Long‐term imaging effects in rat liver after a single injection of an iron oxide nanoparticle based MR contrast agent

Purpose To investigate the duration of liver R2* enhancement and pharmacokinetics following administration of an iron oxide nanoparticle in a rat model. Materials and Methods Rats were injected with 0, 1, 2, or 5 mg Fe/kg of NC100150 Injection, and quantitative in vivo 1/T2* liver measurements were obtained between 1 and 133 days after injection. The concentration of NC100150 Injection was determined by relaxometry methods in ex vivo rat liver homogenate. Results At all dose levels, 1/T2* remained greater than control values up to 63 days after injection. In the highest dose group, 1/T2* was above control levels during the entire 133 day time‐course investigated. There were no quantifiable amounts of NC100150 Injection present 63 days after injection in any of the dose groups. The half‐life of NC100150 Injection in rat liver was dose dependent. For the lowest dose group, the degradation of the particles could be defined by a mono‐exponential function with a half‐life of eight days. For the 2 and 5 mg Fe/kg dose groups, the degradation was bi‐exponential with a fast initial decay of seven to eight days followed by a slow terminal decay of 43–46 days. Conclusion NC100150 Injection exhibits prolonged 1/T2* enhancement in rat liver.
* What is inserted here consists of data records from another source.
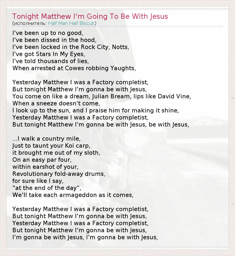 I've been up to no good, I've been dissed in the hood, I've been locked in the Rock City, Notts, I've got Stars In My Eyes, I've told thousands of lies, When arrested at Cowes robbing Yaughts, Yesterday Matthew I was a Factory completist, But tonight Matthew I'm gonna be with Jesus, You come on like a dream, Julian Bream, lips like David Vine, When a sneeze doesn't come, I look up to the sun, and I praise him for making it shine, Yesterday Matthew I was a Factory completist, But tonight Matthew I'm gonna be with Jesus, be with Jesus, ...I walk a country mile, Just to taunt your Koi carp, it brought me out of my sloth, On an easy par four, within earshot of your, Revolutionary fold-away drums, for sure like I say, "at the end of the day", We'll take each armageddon as it comes, Yesterday Matthew I was a Factory completist, But tonight Matthew I'm gonna be with Jesus, Yesterday Matthew I was a Factory completist, But tonight Matthew I'm gonna be with Jesus, I'm gonna be with Jesus, I'm gonna be with Jesus,
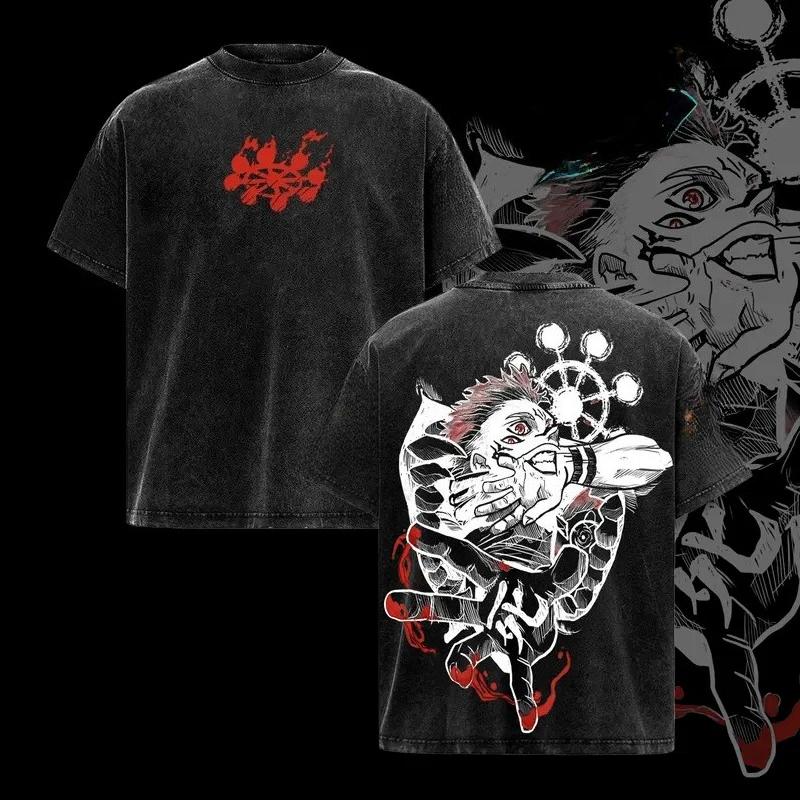 Hot Anime Jujutsu Kaisen Ryomen Sukuna Clothing Men Women Short Sleeve Tshirts Washed Cotton Tee Retro T-shirt Harajuku T Shirt
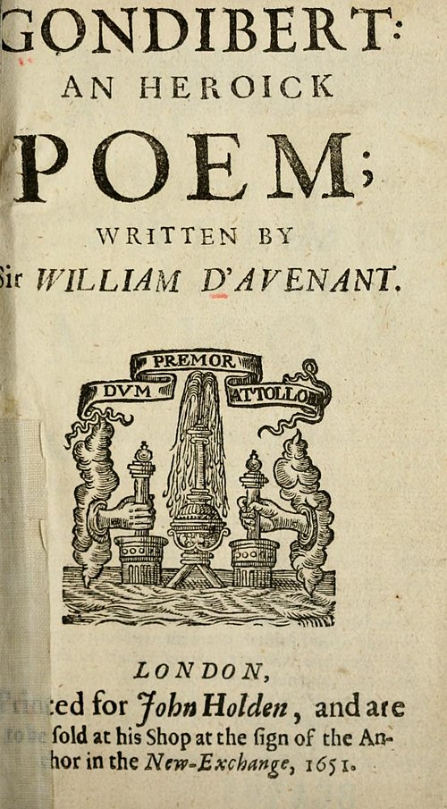 The title page of the 1651 edition of Gondibert, one of Davenant’s more memorable works.
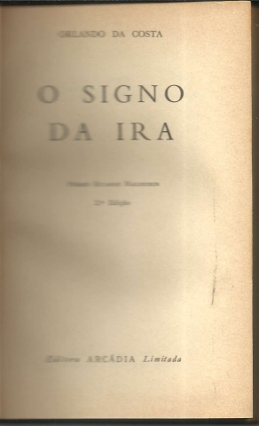 O SIGNO DA IRA. *** Orlando da Costa *** Lisboa: Editora Arcádia Limitada, 1962. (19 x 12 cm.) com 304 + [2] pp. Capa dura, com sobrecapa de papel ilustrada. Exemplar razoável. Sobrecapa envelhecida, com evidentes marcas de manuseamento, manchas (visíveis quase só na parte de dentro), algumas arranhadelas e gasta nas margens, onde apresenta vários pequenos rasgões e mesmo a falta de alguns pedaços de papel. Capa dura com algumas marcas de uso e as extremidades da lombada ligeiramente amachucadas, mas, de um modo geral, ainda em bom estado e limpa. Páginas globalmente bem conservadas e limpas, mas com um tom amarelecido (mais forte nas margens) e algumas manchas, que afectam sobretudo os cortes. *** 2.ª edição deste romance distinguido com o “Prémio Ricardo Malheiros” (na época o mais importante prémio literário português) e que é a mais emblemática obra do Autor, nascido em Moçambique, mas de origem goesa. Em Goa, precisamente, decorre a acção deste romance que capta cerca de um ano (1940-41) da vida de uma sociedade rural, então governada por Portugal. Perfilam-se no livro duas classes sociais principais: o proprietário hereditário de terras, bab Ligôr, e os seus rendeiros, trabalhadores rurais de casta inferior. Nos anos anteriores, uma seca severa colocou em risco a principal cultura da região, o arroz. A ocupação japonesa de grande parte do leste da Ásia agravou a situação, uma vez que tornou quase impossível a importação de arroz para complementar as escassas colheitas. O romance estrutura-se em torno das esperanças dos aldeões pela época de plantação secundária, a vangana. Uma boa colheita salvá-los-á da fome e determinará também o futuro dos jovens, dos idosos e dos nascituros.... Sobrecapa de Sebastião Rodrigues. *** Portes: envio gratuito em correio normal (tarifa especial para livros) * envio em correio registado: 1,70
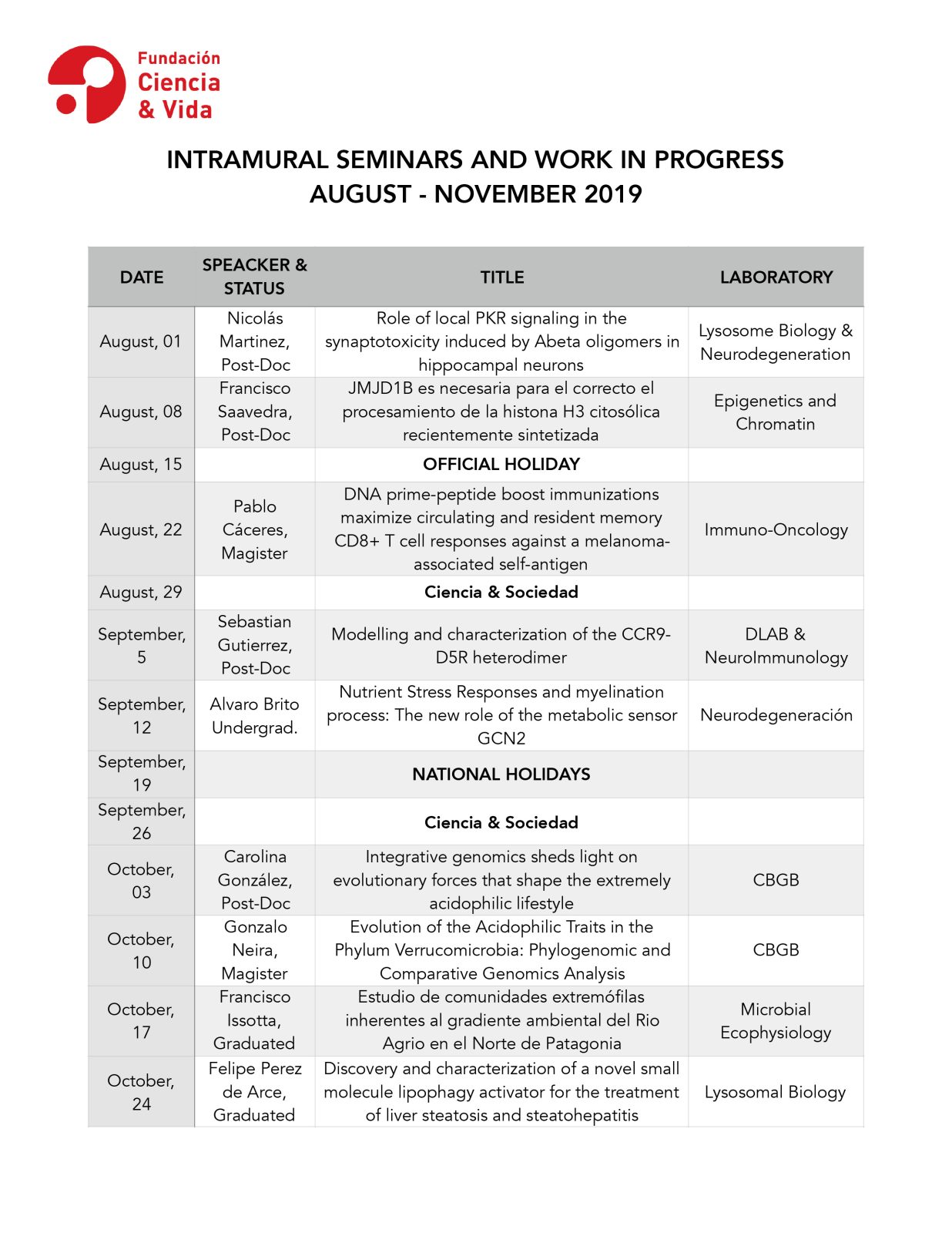 INTRAMURAL SEMINARS AND WORK IN PROGRESS AUGUST/NOVEMBER 2019
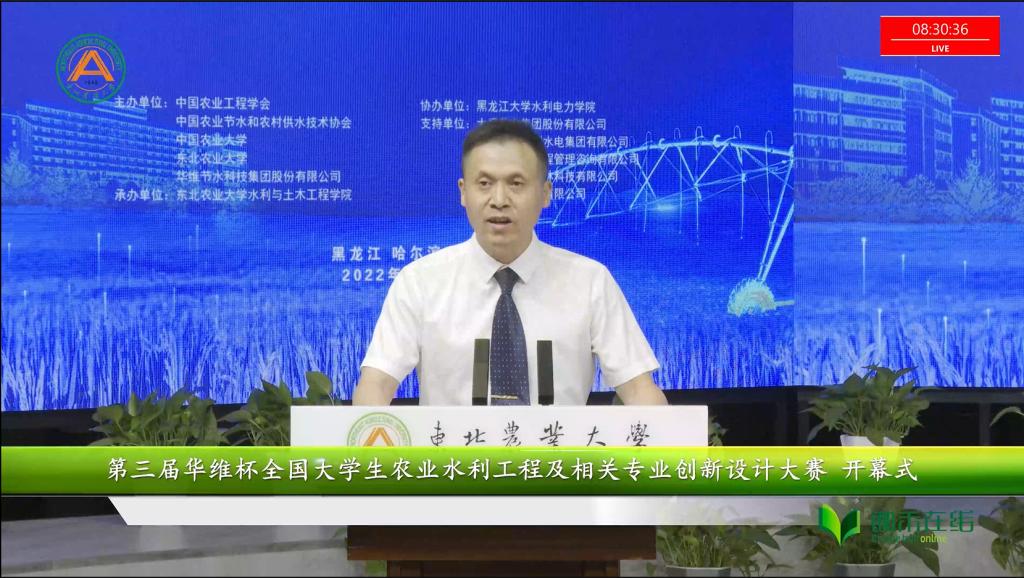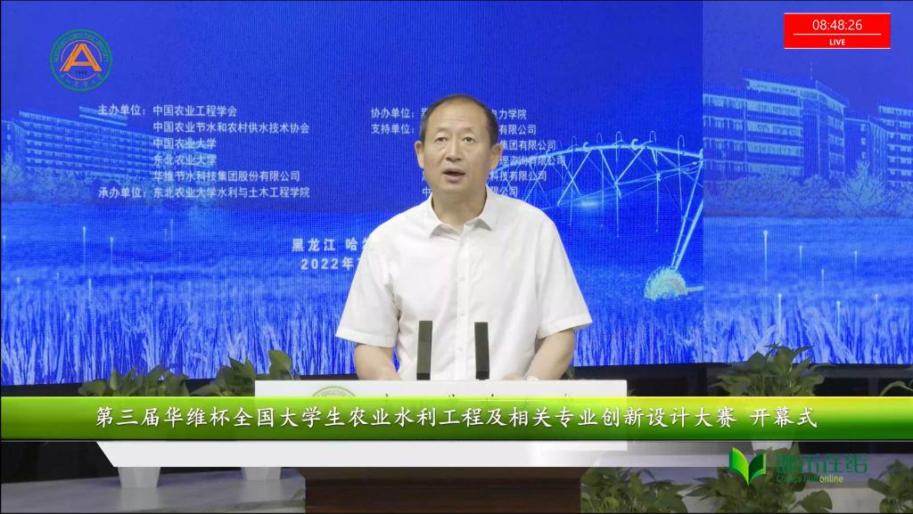 教育部高等学校农业工程类专业教学指导委员会主任、中国农业节水和农村供水技术协会会长康绍忠院士为本次大赛致辞,他高度肯定了本次大赛对大学生实践能力和创新能力培养起到的重要作用,指出农业农村现代化,离不开创新人才的培养,希望同学们能够主动观察,广泛调研,积极思考,勇于挑战,勇于跨学科跨专业协同创新,真正做到学以致用,为我国农业农村事业的发展添砖加瓦。
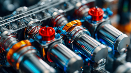 Intricate machinery featuring illuminated, multicolored connectors in a sleek, futuristic factory environment, showcasing innovation and precision eng
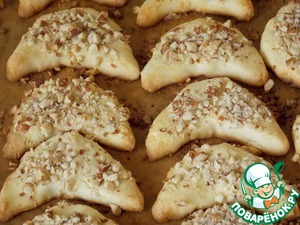 На противень положить пекарскую бумагу. На ней пальцами из каждого кусочка сформировать полумесяцы. Смазать взбитым белком и посыпать орехами.
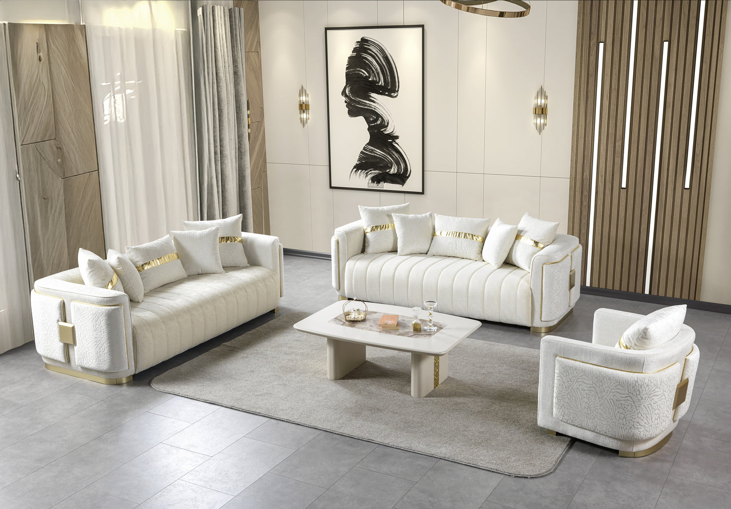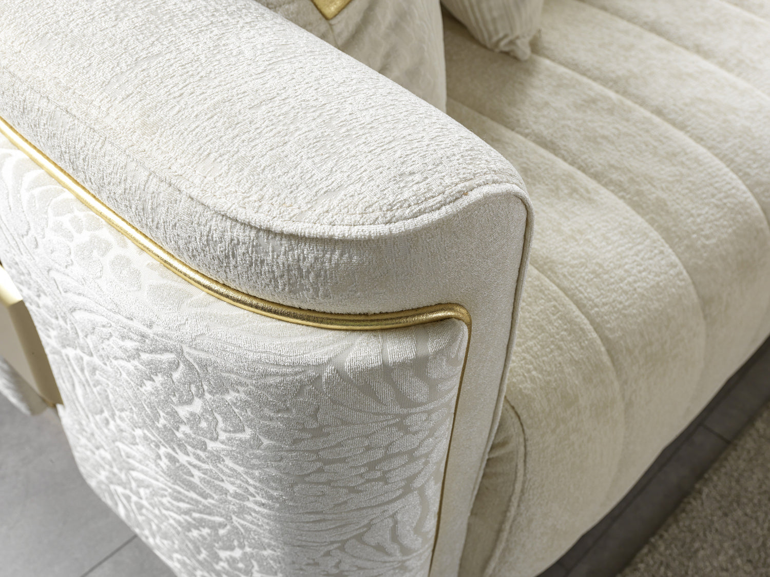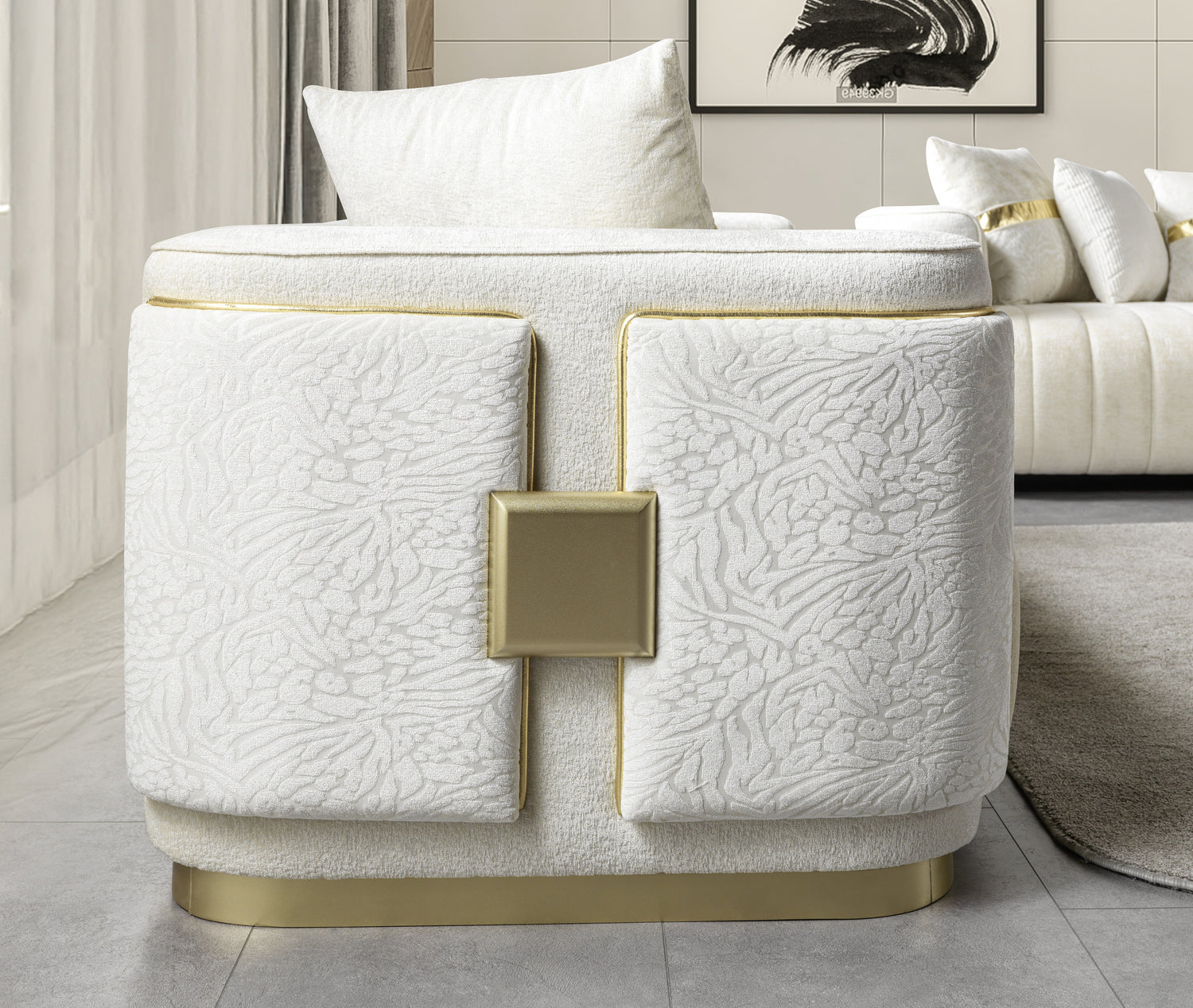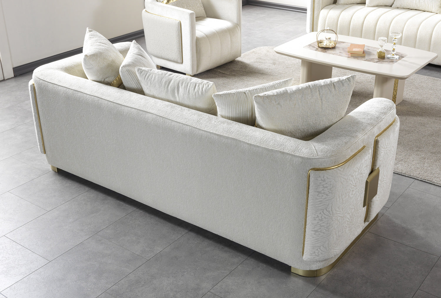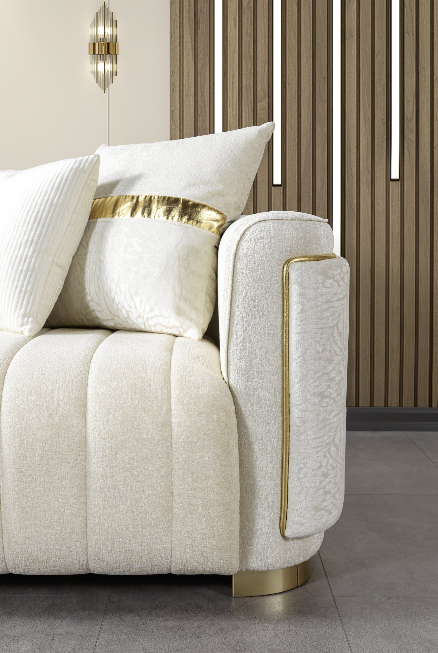 Bring both style and comfort to your home with the Avanos Cream Loveseat. Its sleek cream upholstery, plush cushioning, and gold accents create a luxurious touch, while detailed side panels and decorative piping provide depth and texture. Designed for intimate seating, it offers the perfect blend of elegance and everyday comfort.
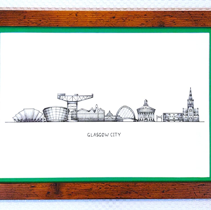 Glasgow Cityscape Handmade Unique Framed A3 Print Dark Green Border Wallart Gift
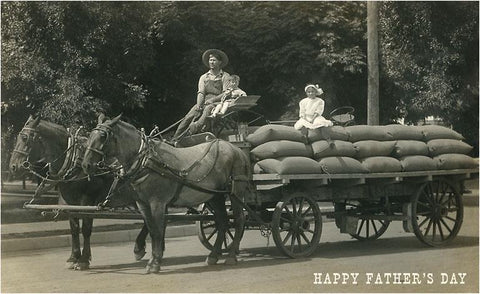 DD-81 Father's Day, Farmer with Kids on Wagon - Vintage Image
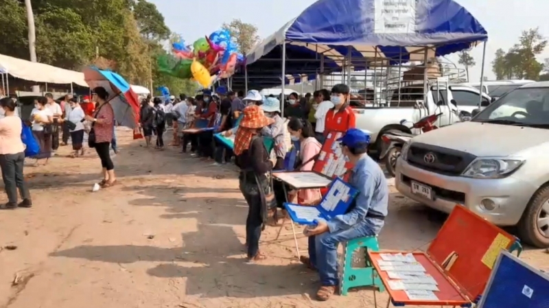 เมื่อวันที่28 ก.พ.64 ที่วัดกุดแห่พัฒนาราม บ้านนานกหงส์ หมู่ที่ 4 ต.นาทราย อ.พิบูลย์รักษ์ บรรยากาศเป็นไปด้วยความคึกคักตลอดทั้งวัน โดยตั้งแต่ช่วงเช้ามีนักท่องเที่ยวและผู้แสวงบุญจากทั่วสารทิศหลายพันคน เดินทางมาร่วมทำบุญทอดผ้าสามัคคี จนทำให้การจราจรที่จะเข้าไปยังวัดติดขัดลานจอดรถที่ทางวัดเตรียมไว้มีรถยนต์จอดแน่นล้น

The liver enhancement persisted at time points when the concentration of iron oxide particles present in the liver was below method detection limits. The prolonged 1/T2* enhancement is likely a result of the particle breakdown products and the induction of ferritin and hemosiderin with increasing iron cores/loading factors. J. Magn. Reson. Imaging 2004;20:622–631. © 2004 Wiley‐Liss, Inc.